The state-backed Harvester espionage group has expanded its cross-platform arsenal with a newly identified Linux variant of the GoGra backdoor. Disguised as legitimate ELF binaries, the malware leverages the Microsoft Graph API for stealthy command-and-control, using a compromised Outlook mailbox as a covert dead drop.

Industrial infrastructure in Venezuela is currently facing a wave of destructive attacks from Lotus Wiper, a novel data-wiping malware that systematically disables energy and utility systems. The malware first blinds system defenses and kills network interfaces before executing “diskpart clean all” to overwrite physical volumes.

Microsoft has issued urgent, out-of-band security updates to fix a critical "broken crypto" flaw in ASP.NET Core. A regression in the Data Protection APIs caused HMAC validation to be ignored on non-Windows systems, allowing unauthenticated attackers to forge authentication cookies and elevate privileges to SYSTEM.

Top Malware Reported in the Last 24 Hours

Linux GoGra malware exploits Microsoft Graph API

A new Linux variant of the GoGra backdoor, attributed to the state-backed Harvester espionage group, utilizes Microsoft Graph API for communication, leveraging legitimate Microsoft infrastructure. This malware gains initial access by deceiving victims into executing ELF binaries disguised as PDF files. Once installed, it employs hardcoded Azure Active Directory credentials to authenticate and obtain OAuth2 tokens, allowing it to interact with Outlook mailboxes. The malware monitors a specific mailbox folder for command emails, processes the encrypted contents, and executes the commands locally. Execution results are then encrypted and sent back to the operator via reply emails, while the original command emails are deleted to minimize forensic visibility. The Linux version shares significant code similarities with its Windows counterpart.

Lotus Wiper malware targets Venezuela's energy sector

A newly discovered data-wiping malware, dubbed "Lotus Wiper," has been targeting Venezuela's energy sector in late 2025 and early 2026. This malware employs two batch scripts to initiate a destructive attack, disabling system defenses and preparing the environment for the wiper payload.
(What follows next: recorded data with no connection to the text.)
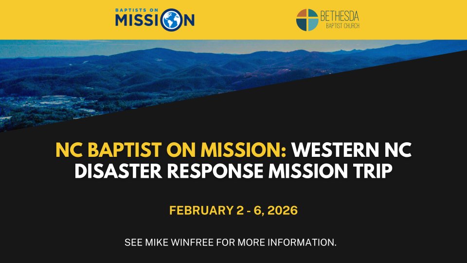 Mission team to help repair and rebuild homes in Western North Carolina that were damaged during Hurricane Helene. You don't have to have construction or repair experience to participate. If you are interested, please see Mike Winfree for more information.
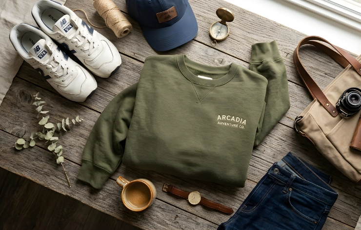 Sweatshirts can also be displayed using styled flatlay mockups, where the garment is arranged on a flat surface along with accessories like sneakers, caps, or bags. This layout highlights fabric texture, folds, and colors, providing a clean and visually appealing presentation. Brands often use high-resolution photography or digital templates to create these mockups for catalogs, social media, and product listings.
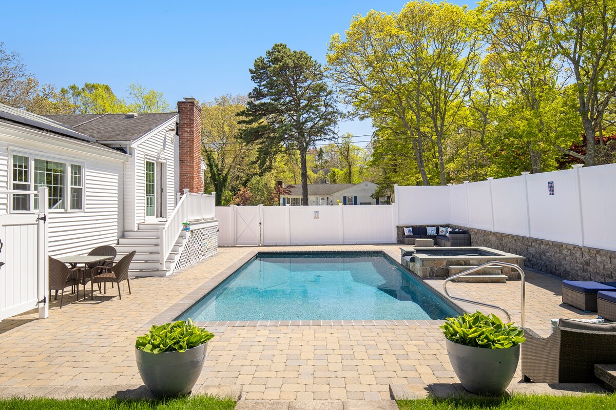 Close to airport, you’ll love backyard beach, water view, pool/grass yard, ambiance and outdoors space. Beach & Pool (POOL HEAT STARTS SUMMER, ENDS 9/1) is a hard to find combination!! Location is private, yet it's close to the 3 largest towns on Martha's Vineyard. Great for couples, families (with kids), and big groups. Enjoy dinner with the indoor/outdoor Sonos music system during a beautiful sunset! NOTE; Rate increase in high season, pool/spa is a combined unit & ONLY heated in summer!
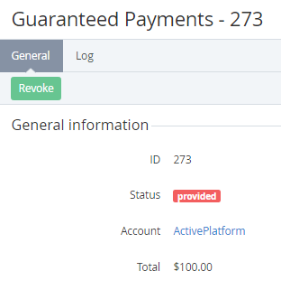 4. On the Toolbar of the guaranteed payment's page, click Revoke. The payment will be revoked.
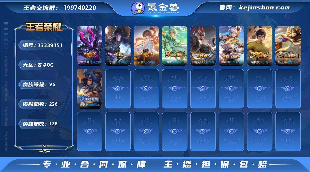 安卓q-4传说-128英雄-226皮肤-2内测 玩趣恶龙 妄想食味 1荣耀水晶(已兑换) 鸣剑曳影 万灵启世 逐花归海 幻光神枪 愿照九州拓 鸣野蒿 逐霄之志 拒霜思 神迹守卫钟馗 冰冠公主 暗影游猎 原初追逐者 电玩小子 龙骑士 久胜战神 一念神魔 时之恋人男 黄忠百相守梦 器灵浮梦炉 地狱之眼 东方月初 燃音魔法 伽罗琥珀纪元 百解令 天秀启明 原初探秘者 李小龙 暗隐猎兽者 猫狗日记男 金属风暴 地狱岩魂 特工魅影 曙光守护者 心灵骇客 幽灵船长 乘风破浪 末日机甲男 赏金猎手 节奏热浪 天才门将 绅士熊喵 偶像歌手 街头霸王 暗渊魔法 缤纷独角兽 鬼剑武藏 冰雪圆舞曲 青焰无极 花好人间 苍威无极 重明 穷奇 御狮 御霄 御旌 混沌棋 疑决卦 醍醐杖 万华元夜 演武夺筹 群星魔术团程咬金 驱傩正仪 未来纪元赵云 拳王 沙漠行僧 女仆咖啡 敏锐之力 海盐诗旅 皇家上将 魅力维加斯 探海日志 水果甜心 古海寻踪 天穹祈灯 埋骨钱 星界游侠 地狱燃心 江河有灵 荣光圣徽 顽岩魄 纤云弄巧 遇见飞天 乱世虎臣 鹰眼统帅 魔术师 王者荣耀账号

Once deployed, Lotus Wiper erases recovery mechanisms, overwrites physical drives, and systematically deletes files, leaving systems inoperable. Notably, the malware was uploaded to a public platform in mid-December 2025, just weeks before U.S. military action in Venezuela, suggesting a potential link between these events. The attack chain begins with a script that checks for network shares and executes further commands to facilitate the wiper's destructive actions.
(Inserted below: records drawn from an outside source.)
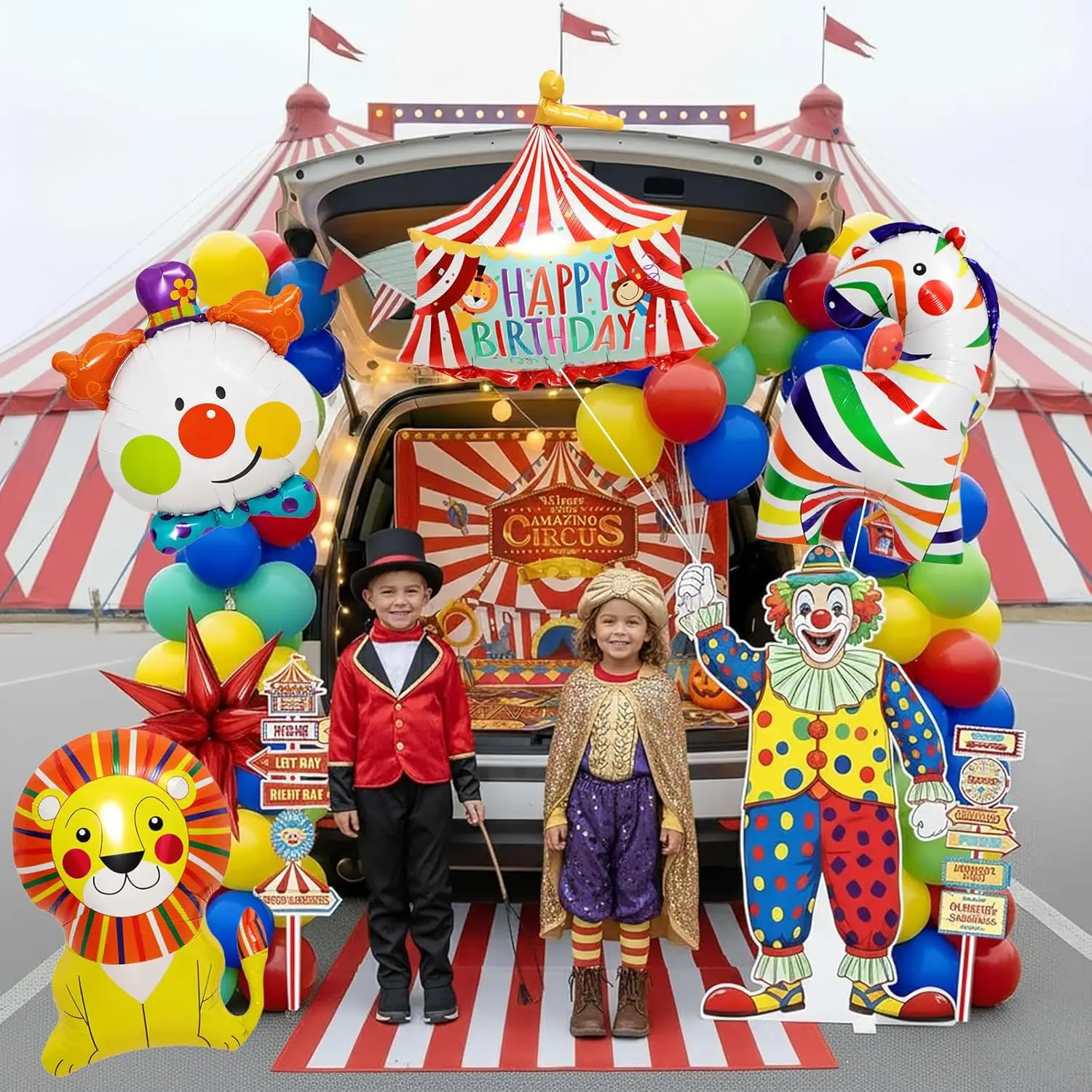 Make your child’s birthday unforgettable with this cheerful circus balloon decoration set.
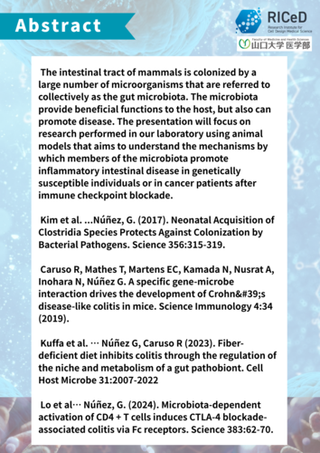 Microbiota-Immune Interactions in Health and Disease” will be held on Monday, July 7, 2025 at the 2nd Lecture Room on the 2nd floor of the IShukan, Kogushi Campus.
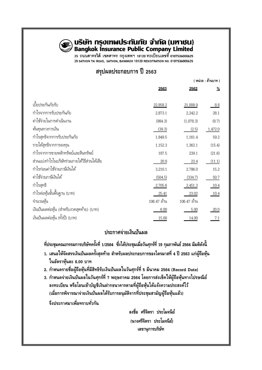 24 กุมภาพันธ์ 2564 : กรุงเทพประกันภัยโชว์ผลงานปี 2563 ยืนยันความแข็งแกร่งด้วยเบี้ยประกันภัยรับรวม 22,858.2 ล้านบาท เติบโตจากปีก่อนร้อยละ 8.8 มีกำไรสุทธิ 2,705.6 ล้านบาท เพิ่มขึ้นถึงร้อยละ 10.4
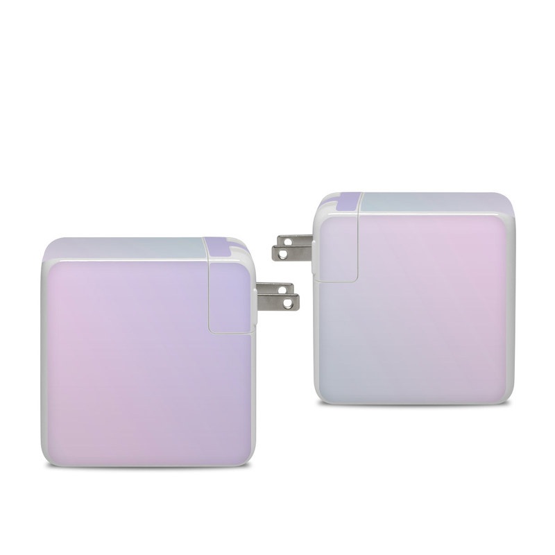 iStyles Apple 96W USB-C Power Adapter Skin design of White, Blue, Daytime, Sky, Atmospheric phenomenon, Atmosphere, Calm, Line, Haze, Fog, with pink, purple, blue colors, and tagged with patterns, colorful, cottoncandy, iridescent, pastels.
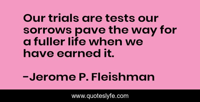 This page presents the quote "Our trials are tests our sorrows pave the way for a fuller life when we have earned it.". Author of this quote is Jerome P. Fleishman. .
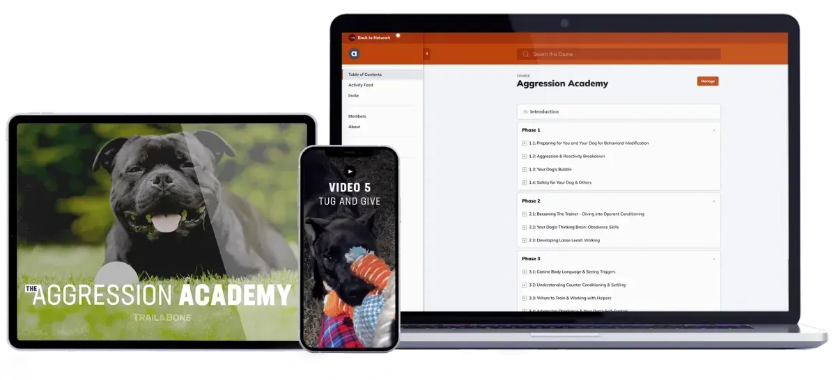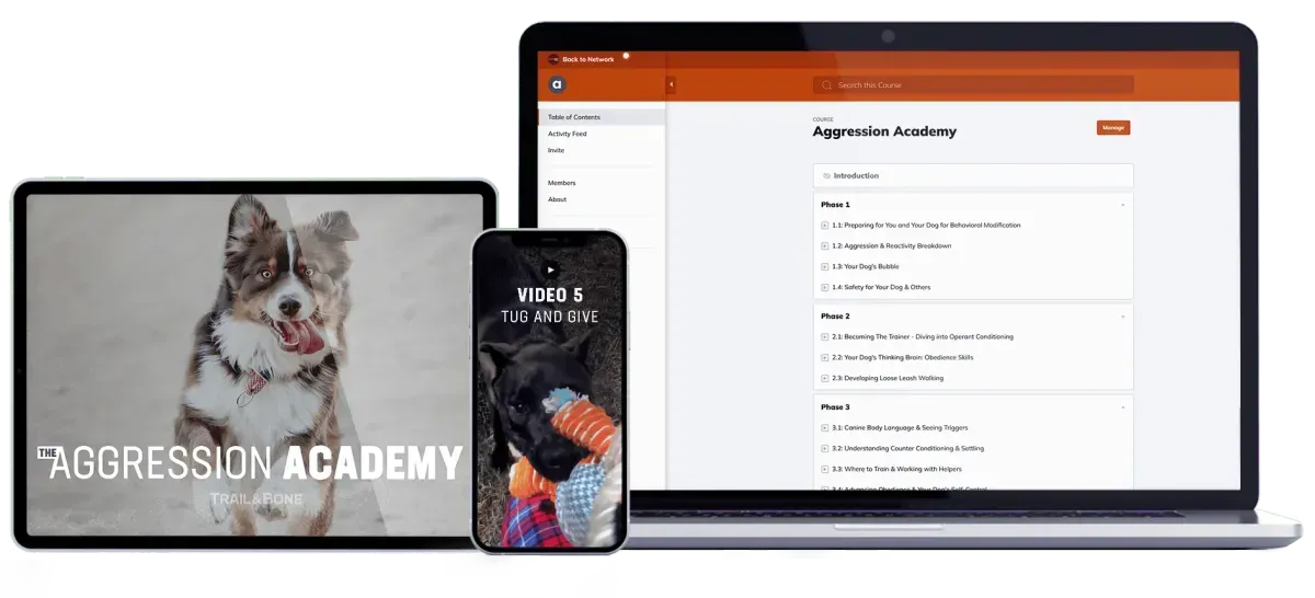 The Aggression Academy is an online video-based course that teaches you exactly how to fix your dog's aggression and reactivity step-by-step… in as little as 10 minutes a day.
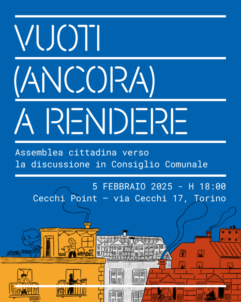 5 Febbraio 2025 @ 18:00 – 19:00 – Alla vigilia dell’inizio dell’esame della nostra proposta da parte del Consiglio comunale è il momento per ritrovarci in una grande assemblea cittadina, con il fine di rilanciare ed estendere la mobilitazione collettiva per tradurre in realtà gli obiettivi di Vuoti a rendere. Insieme a importanti ospiti da altre città – Fabio Manfredini, che per conto […]

Top Vulnerabilities Reported in the Last 24 Hours

Microsoft issues emergency patches for ASP.NET flaw

Microsoft has released urgent out-of-band security updates to address a critical vulnerability in ASP.NET Core, identified as CVE-2026-40372. This flaw, found in the Data Protection cryptographic APIs, allows unauthenticated attackers to forge authentication cookies and potentially gain SYSTEM privileges on affected devices. The issue stems from a regression in the Microsoft.AspNetCore.DataProtection NuGet packages, which improperly validated HMAC tags, enabling attackers to create payloads that bypass authenticity checks. Consequently, attackers could decrypt previously protected data and issue legitimate tokens to themselves during the vulnerable period. Although the flaw does not compromise system availability, it poses significant risks, including the potential for data disclosure and modification.
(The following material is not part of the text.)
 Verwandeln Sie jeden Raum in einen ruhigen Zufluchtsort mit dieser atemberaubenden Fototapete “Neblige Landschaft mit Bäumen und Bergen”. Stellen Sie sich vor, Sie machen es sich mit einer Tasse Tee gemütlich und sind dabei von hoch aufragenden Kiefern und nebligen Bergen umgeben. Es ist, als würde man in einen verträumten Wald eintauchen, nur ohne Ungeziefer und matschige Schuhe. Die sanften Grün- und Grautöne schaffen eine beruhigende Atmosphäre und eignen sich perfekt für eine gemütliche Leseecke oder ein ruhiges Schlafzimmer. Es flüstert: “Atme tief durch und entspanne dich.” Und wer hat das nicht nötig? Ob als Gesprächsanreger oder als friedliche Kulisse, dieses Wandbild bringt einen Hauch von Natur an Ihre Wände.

Critical vulnerability discovered in Terrarium sandbox

A critical security vulnerability, tracked as CVE-2026-5752, has been identified in the Terrarium sandbox, a Python-based project developed by Cohere AI. This flaw, rated 9.3 on the CVSS scale, allows for arbitrary code execution with root privileges through JavaScript prototype chain traversal. Terrarium, which operates on Pyodide and is designed to run untrusted code in Docker containers, is at risk of exploitation, enabling attackers to execute system commands and access sensitive files without requiring special privileges. The vulnerability arises from the sandbox's failure to adequately restrict access to parent or global object prototypes, leading to a potential breach of security boundaries. As the project is no longer actively maintained, a patch for this vulnerability is unlikely.